This is Skirr Cottage, in case you had not realised! So we learn of all the creatures that inhabit the course of that stream; animal, humans, plants and insects, and possibly the most important – the fish. The trout that: ‘guard the water, for where the brown trout lie a stream truly is living.’ So the little stream, made up of three tributaries and starting as a trickle, makes its way through the sandhills until: ‘Its brawling over, the summer stream was gone under the sand, to its immortality in the immense sea.’
However, HW adds an epigraph telling the reader of the changes (for the worse) in the area even in that short time: mainly the number of summer visitors, who do not see the glimmer of hope that our author sees: that in the shadow of the bridge ‘all unsuspected, lay the trout, guardian of the stream’. (Later we will see the other side of that stream.)
‘Old Men’ (pp. 47-57): A selection of pen-portraits of village ‘grandfathers’.
‘Summer Afternoon by the Sea’ (pp. 58-64) relates the pleasure of sitting and doing nothing but watching the myriad busyness of the natural world while:
The sun burned away in brilliance, and the air was sweet with the living sea.
‘The Well’ (pp. 65-93) relates the wonderful dispute that arose over the well that ‘renews itself eternally, is scarcely deeper than a pitcher and in volume less than half a cubic yard’, which is owned by Jonathan Furze (the richest man in the village) but traditionally used by the villagers for drinking water. When Charlie Tucker helps himself to a whole pail-full for purposes other than drinking, Jonathan Furze puts a lock on the door of the well house. At a subsequent parish meeting heated discussion occurs – and continues at several further parish meetings. A typical village ‘to-do’!
‘Star Flights of Swifts’ (pp. 94-96, dated 1923): A short lyrical essay musing on the night flight of the swifts.
‘The Labourer’and ‘A Labourer’s Life’(pp. 97-134) ostensibly covers notes for a proposed gentle and empathic portrait (to be called ‘A Labourer’s Life’) of William Carter, or ‘Revvy’, HW’s neighbour at Skirr Cottage and father of Ernie, who features in several early essays. But it is also an insight into the life of our author:
a man of twenty-three with a beard, who lived alone, with a spaniel dog and a cat. He kept a racing motor-cycle, making a noise like a machine gun, on which he departed and arrived at all hours of the day or night. . . . [and] had set himself to do work which would, when published, he felt, be a revelation to the world. . . . the burden of his thought was the whole of the Great War and its human causes.
But the plum of this section is the quoted words of Maurice Hewlett: ‘The West Country labourer is a gentleman.’ Revvy is a gentleman.
‘The White Witch and the Blackbird’ (p. 135): A cat is chased off by a very angry blackbird – given ‘black-barbed strength’ in its endeavour to save its young.
‘The Darkening of the Doorway’ (pp. 136-152): The original MS (in Exeter University Special Collections archives), has the ‘I’ of the story changed to ‘The Beard’ (a nice device), and is dated 26 October 1931. The story is in two parts.

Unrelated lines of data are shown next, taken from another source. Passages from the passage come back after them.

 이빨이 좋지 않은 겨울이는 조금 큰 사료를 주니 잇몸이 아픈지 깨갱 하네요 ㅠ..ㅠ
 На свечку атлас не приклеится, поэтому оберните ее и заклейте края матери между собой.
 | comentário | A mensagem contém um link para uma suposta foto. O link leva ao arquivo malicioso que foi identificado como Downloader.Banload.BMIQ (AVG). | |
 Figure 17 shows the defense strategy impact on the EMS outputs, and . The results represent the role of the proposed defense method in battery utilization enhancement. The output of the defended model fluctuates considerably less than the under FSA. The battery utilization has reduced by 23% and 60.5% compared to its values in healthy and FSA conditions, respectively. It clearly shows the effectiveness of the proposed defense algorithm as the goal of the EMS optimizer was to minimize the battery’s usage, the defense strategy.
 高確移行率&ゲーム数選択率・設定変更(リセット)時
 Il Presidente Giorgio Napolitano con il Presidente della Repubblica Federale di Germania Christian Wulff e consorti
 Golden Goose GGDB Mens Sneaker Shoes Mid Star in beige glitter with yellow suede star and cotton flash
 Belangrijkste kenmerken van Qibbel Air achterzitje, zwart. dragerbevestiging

The first part tells of various visitors, each selling something and mostly dishonest, who darken the doorway of the cottage of ‘The Beard’. It is related in a rather forced jocular fashion and involves repetitions of the phrase ‘a sock on the jaw’. This first part was reprinted, with some small revisions (the story being told in the first person), as 'The Darkening of the Door' in the Daily Express on 12 April 1938. The second part opens with a somewhat bitter tirade about editors of sundry magazines who have refused his work for various reasons (an error of judgement, one is given to feel). Our author explains that is the cause of the falsely jocular tone of the first part – writing according to what they require. Now he intends to tell the tale as it really happened under its original title ‘Village Traders’. This section rings true and gives us a far more interesting picture (as intended!) of the variety of door-to-door salesmen prevalent in those days (the equivalent of web-trading today perhaps!). The nicest touch comes at the end when we realise the salesman has mistaken ‘The Beard’ for some sort of inferior servant!

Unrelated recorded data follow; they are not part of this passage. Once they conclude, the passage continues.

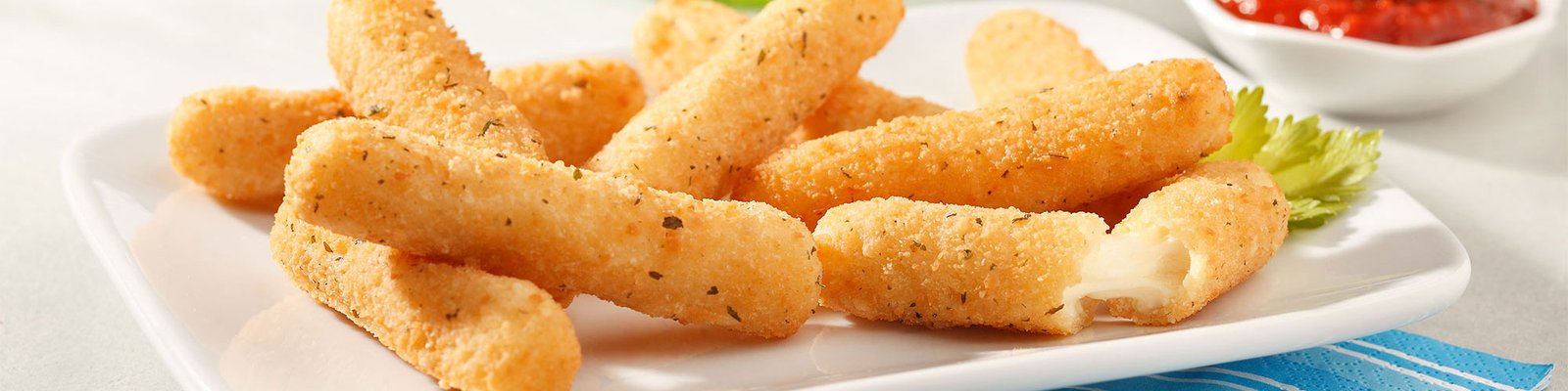 Breaded Mozzarella sticks, served with homemade tomato sauce.
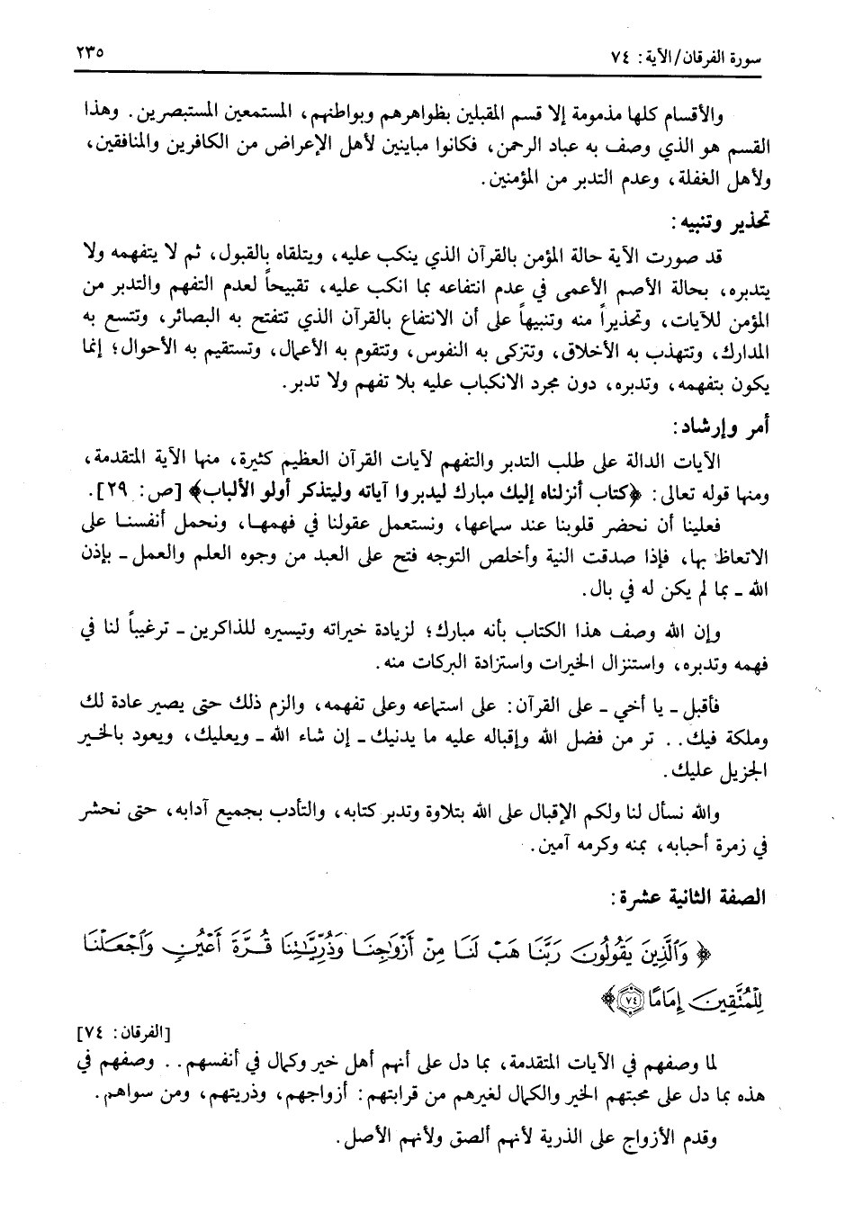 ومن صفات عباد الرحمن أنهم يدعون ربهم، يسألونه أن يهب لهم أزواجاً وذريةً، تقر بهم أعينهم، بأن يكونوا موصوفين بمثل صفاتهم سائرين على منهاجهم، معينين لهم على ما هم عليه، ويسألونه أن يكونوا على أكمل حال في العلم والعمل والاستقامة، يقتدي بهم فيها المتقون.
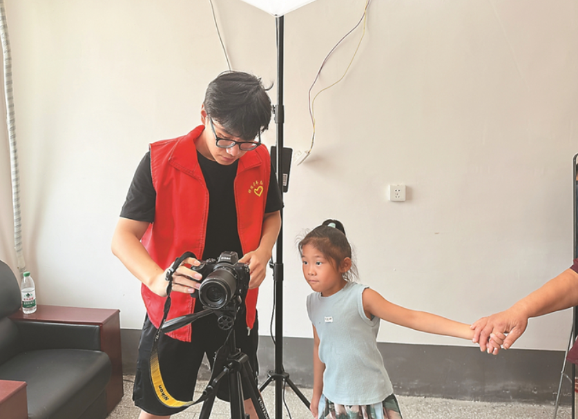 寇桓锦在为孩子拍摄照片。(席黄村村委会供图)

‘Above the Needles, June 1928’ (pp. 153-156): previously published in The Daily News, 22 August 1927 and also in The Outsiders, USA, March 1929). A tale of a tame raven in a cage pining for freedom, a jackdaw which steals a gull’s egg only to be stooped on and killed by a peregrine falcon, who is attacked by a raven in a thrilling aerial display – all watched by the encaged raven and the author, who tells it that it would be killed in half a minute by the wild ravens if it escaped: to no avail – for its ‘thoughts were always in the sky’.
‘Village Children’ (pp. 157-176, dated 1927): Based on the allure of wheels for children – objects to be made into exotic machines (which all can empathise with); which thoughts remind the author of other notes made for tales about Ernie but never developed – and then Babe – but mainly the tale of poor Hen-ry, son of the Maltese woman who had married a soldier from the village (and is virtually an outcast). Poor Hen-ry can’t help getting himself into trouble!
‘A Summer Day on Dunkery’ (pp. 177-180, dated 1923): the story opens with a lyrical description of things seen while the writer rests in the heather on Dunkery Beacon (a well-known landmark on Exmoor), but remembering a visit made that morning to the hunt kennels, marred by the sight of a ten-month-old puppy dying of distemper. That night as the writer returns past those kennels he stops for a moment, seeing the shape of a stage glide silently past, which he felt was a phantom ‘luring the dying hound to the forests beyond the sun’. This is one of HW’s handful of fey other-worldly ‘ghost stories’, which never seem to have had the recognition they deserve.
‘Cemetery or Burial Ground’ (pp. 181-260 – in 19 ‘chapters’; the MS is dated 9.12.1931): A hilarious tale of Clib the Sexton and the village ‘discussion’ about the need for a new cemetery, as there was only room for three more burials in the original churchyard site. (This was a discussion that went on for four years!) HW gives several headstone inscriptions, quoted as examples of mortality; churchgoers pass this slate stone on their way from the lychgate to the church porch:
(Go to the churchyard in Georgeham and look for and read those very same headstones, and others that mark the resting places of many of HW’s village friends.) Our author injects into this tale the story of Coneybeare, the Rector’s handyman: sober, honest, hardworking – except for his frequent drinking bouts. (This character reappears within the Chronicle of Ancient Sunlight series.)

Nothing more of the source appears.